• Assignment:
From the records below, output exactly the lines starting at the line with "Мер Києва Віталій" and ending at the line with "總臺(tái)記者 莊勝春:像這種書,對", both of them included, but no pictures.

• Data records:
..........

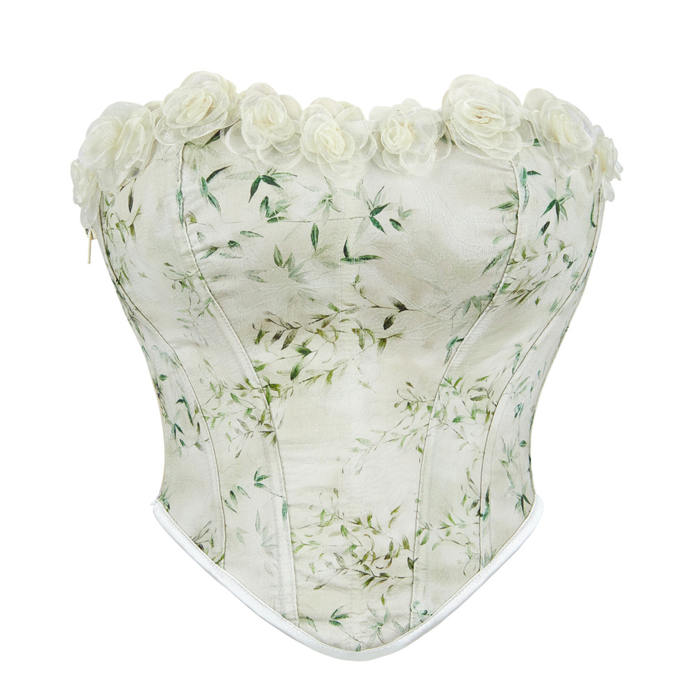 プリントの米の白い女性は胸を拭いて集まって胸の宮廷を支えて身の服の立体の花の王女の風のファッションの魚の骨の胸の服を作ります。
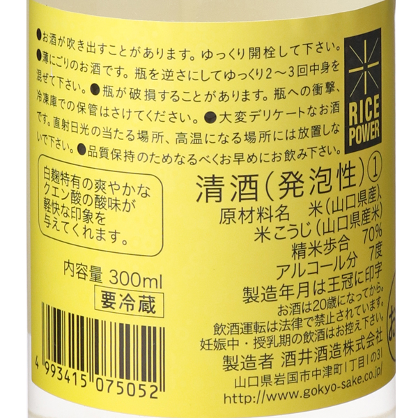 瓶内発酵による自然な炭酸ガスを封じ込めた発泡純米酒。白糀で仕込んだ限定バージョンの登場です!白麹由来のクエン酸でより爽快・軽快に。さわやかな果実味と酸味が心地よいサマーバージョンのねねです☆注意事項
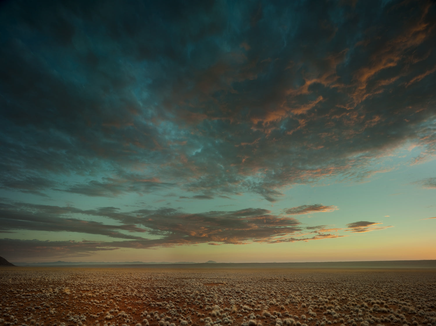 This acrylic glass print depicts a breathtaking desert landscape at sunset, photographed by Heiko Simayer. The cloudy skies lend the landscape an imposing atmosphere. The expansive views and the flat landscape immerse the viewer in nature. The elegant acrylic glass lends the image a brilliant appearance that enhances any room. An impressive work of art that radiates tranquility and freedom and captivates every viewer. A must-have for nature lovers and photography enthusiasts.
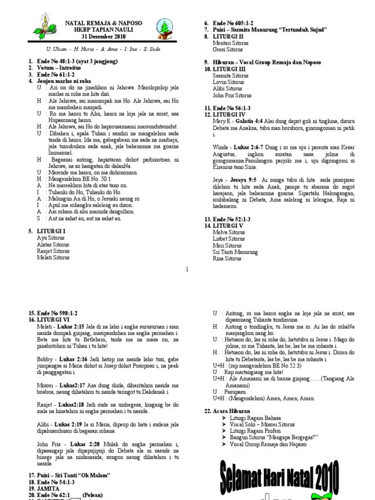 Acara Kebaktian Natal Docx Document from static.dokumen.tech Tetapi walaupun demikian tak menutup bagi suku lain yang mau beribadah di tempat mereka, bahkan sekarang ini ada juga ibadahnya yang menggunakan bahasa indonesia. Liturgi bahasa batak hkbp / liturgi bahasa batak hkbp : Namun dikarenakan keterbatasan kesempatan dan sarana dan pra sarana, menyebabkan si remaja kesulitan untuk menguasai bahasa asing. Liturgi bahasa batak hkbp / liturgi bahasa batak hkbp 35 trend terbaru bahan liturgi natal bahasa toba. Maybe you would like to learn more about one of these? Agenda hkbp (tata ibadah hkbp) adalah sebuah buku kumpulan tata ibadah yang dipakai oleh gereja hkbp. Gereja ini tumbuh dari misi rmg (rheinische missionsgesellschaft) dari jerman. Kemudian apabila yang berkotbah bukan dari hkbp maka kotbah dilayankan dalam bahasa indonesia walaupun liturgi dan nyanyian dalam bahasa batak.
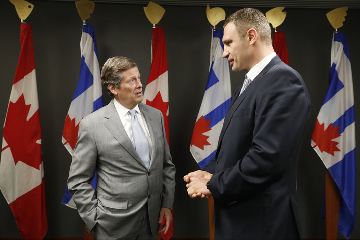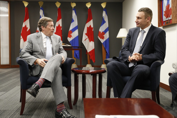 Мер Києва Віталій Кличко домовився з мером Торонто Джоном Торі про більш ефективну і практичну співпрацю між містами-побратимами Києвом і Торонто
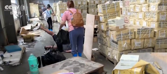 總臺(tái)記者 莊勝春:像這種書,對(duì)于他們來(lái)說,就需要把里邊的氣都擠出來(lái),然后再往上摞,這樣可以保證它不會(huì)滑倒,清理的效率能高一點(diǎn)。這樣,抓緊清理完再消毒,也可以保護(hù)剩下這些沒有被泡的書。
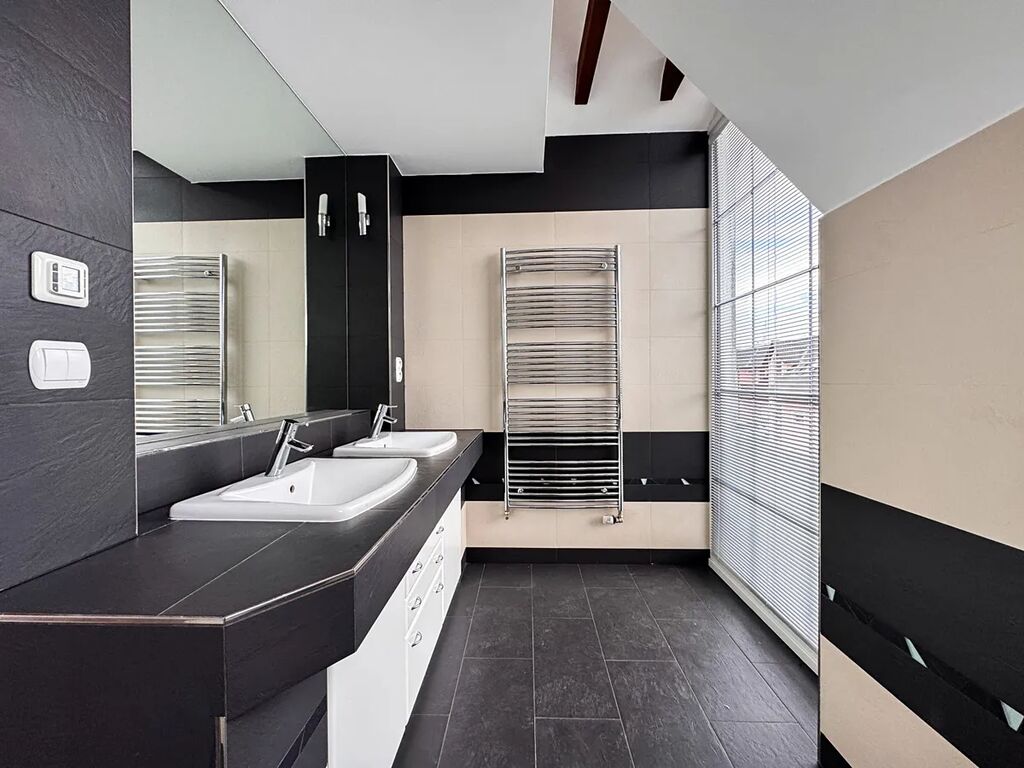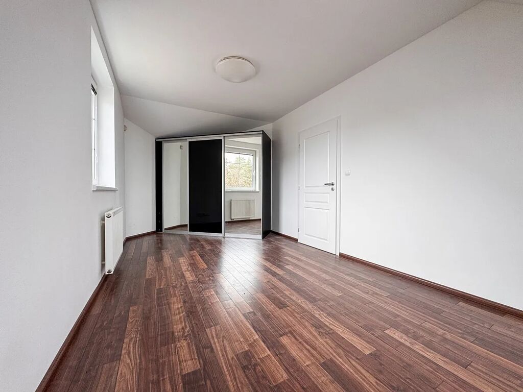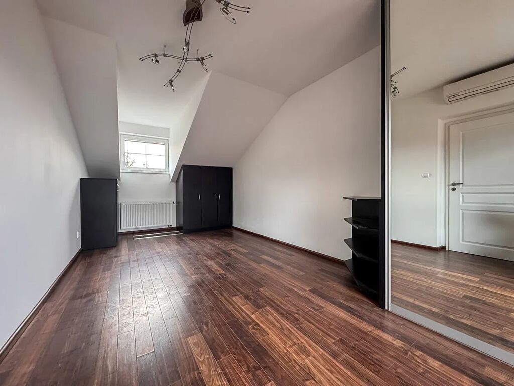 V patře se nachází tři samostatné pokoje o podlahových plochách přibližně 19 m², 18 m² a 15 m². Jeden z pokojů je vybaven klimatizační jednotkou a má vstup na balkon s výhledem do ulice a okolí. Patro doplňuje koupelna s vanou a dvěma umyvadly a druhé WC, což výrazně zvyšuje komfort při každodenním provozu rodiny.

..........

• Output of the exercise:
 Мер Києва Віталій Кличко домовився з мером Торонто Джоном Торі про більш ефективну і практичну співпрацю між містами-побратимами Києвом і Торонто
 總臺(tái)記者 莊勝春:像這種書,對(duì)于他們來(lái)說,就需要把里邊的氣都擠出來(lái),然后再往上摞,這樣可以保證它不會(huì)滑倒,清理的效率能高一點(diǎn)。這樣,抓緊清理完再消毒,也可以保護(hù)剩下這些沒有被泡的書。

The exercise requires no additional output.